Lukashenka “boasted” that on the anniversary of the invasion he had a long talk with Putin “about various things”
Self-proclaimed President of Belarus Alexander Lukashenko said he had a telephone conversation with Kremlin dictator Vladimir Putin on the anniversary of the start of Russia's full-scale invasion of Ukraine. According to him, the conversation was long.
This was stated by Lukashenka himself, quoted by the propaganda media, Channel 24 reports . Interestingly, the press services of both dictators did not officially report their conversation.
Lukashenka says they talked about “different things”
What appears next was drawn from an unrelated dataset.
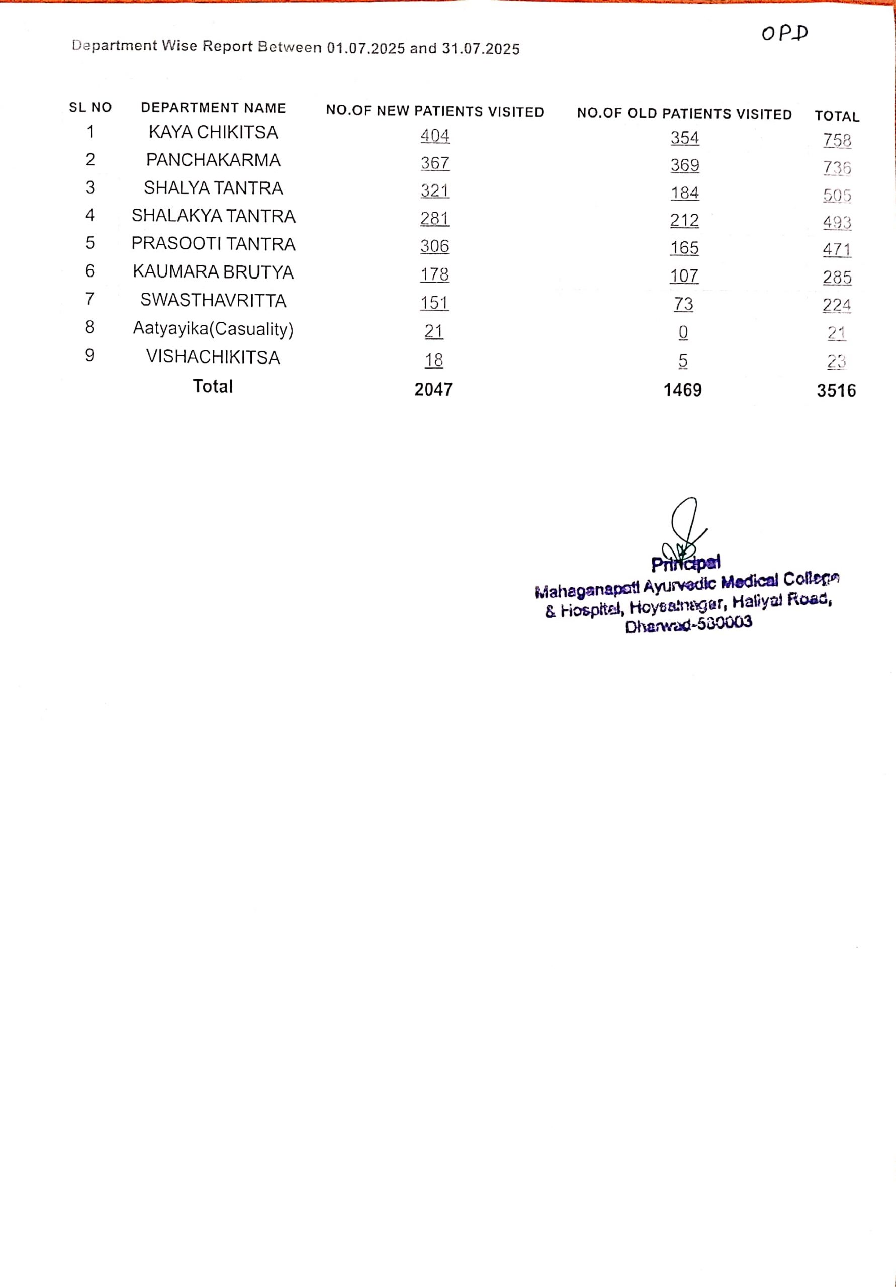 OPD Report for the Month of July 2025

Alexander Lukashenko says that on the anniversary of the full-scale invasion, he and Vladimir Putin had a long talk “about different things.” Probably, to think about why it was not possible to capture Kiev in 3 days, they considered how many times the war plans changed in order to say every time that everything was according to plan and, probably, they represented future responsibility for what they had done.
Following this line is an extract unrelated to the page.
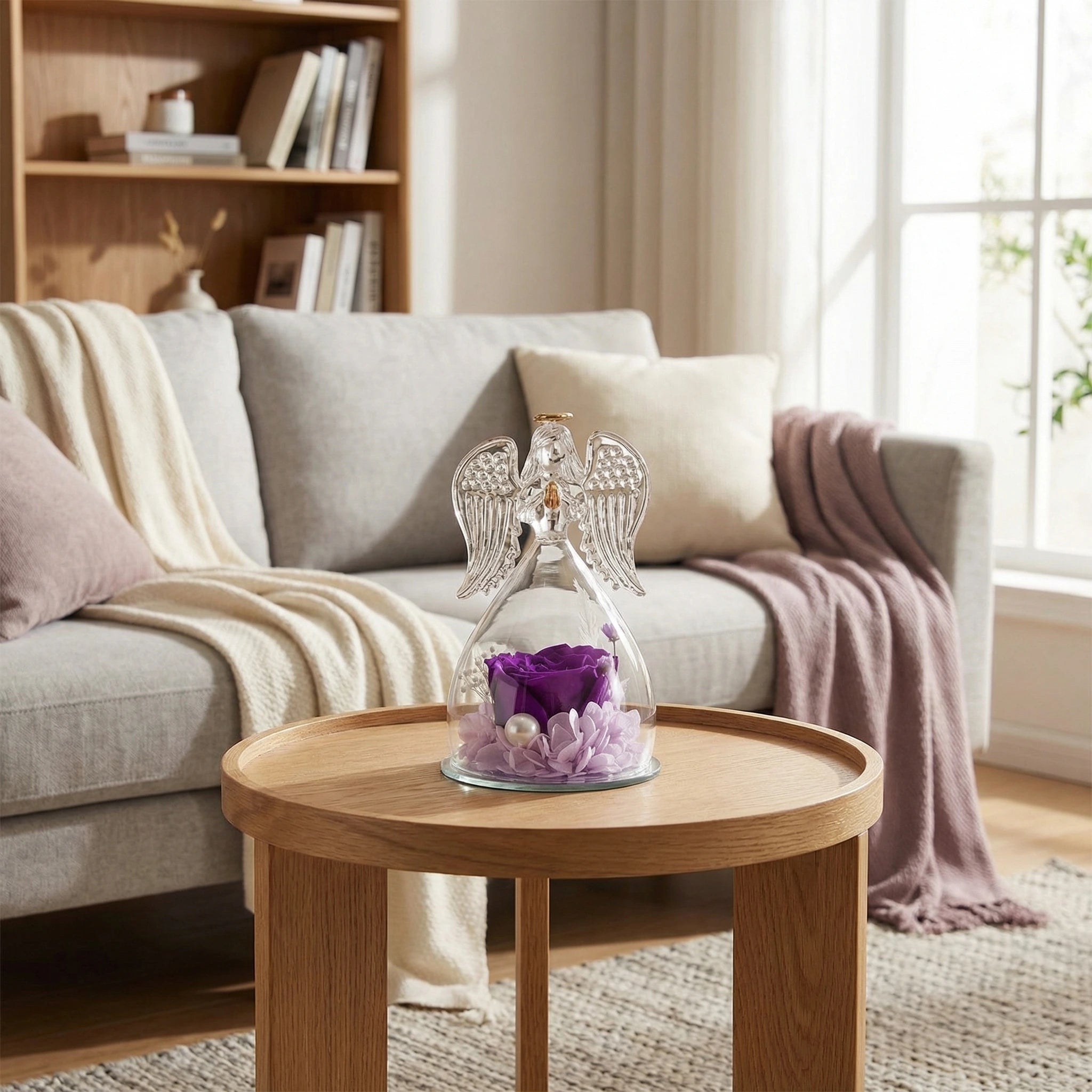 Rosa eterna in vetro con angelo - Regalo angelo custode

I'll tell you a secret, last night we talked with him (Putin – Channel 24) for a long time on various topics. Listen, God forbid that we have a relationship so that it will always be like this,” Lukashenka says.
I would like to believe that the Belarusian dictator will speak the same way at the tribunal.
The role of Belarus in the early days of the Russian invasion
On February 24, 2022, Russian troops launched an offensive from the territory of Belarus – because of the Chernobyl exclusion zone to Kyiv. The invaders managed to occupy part of the region, including Irpen, Bucha, Gostomel, Borodianka, Dymer, Makarov, and approached the capital from the north-western side, but the Ukrainian soldiers stopped the hostile offensive and defeated the invaders during the battle for Moshchun near Kiev.
In early April, the territory of the Kiev region, as well as the Chernihiv and Sumy regions, were liberated from the invaders. However, from the territory of Belarus, enemy troops launched many missile attacks, including massive ones.
The Lukashenka regime strongly supports the war in Ukraine, but the dictator himself is trying to avoid direct involvement. On the eve of the anniversary of the invasion, he issued a statement that allegedly “some generals” and, in his words, “on their knees” begged “to stop the war.” After that, he called the President of Ukraine Volodymyr Zelensky and persuaded him to send a delegation for the first “peace talks”. Mikhail Podolyak, adviser to the head of the President's Office, reacted rather sharply to these words, who intrigued Lukashenka with compromising information.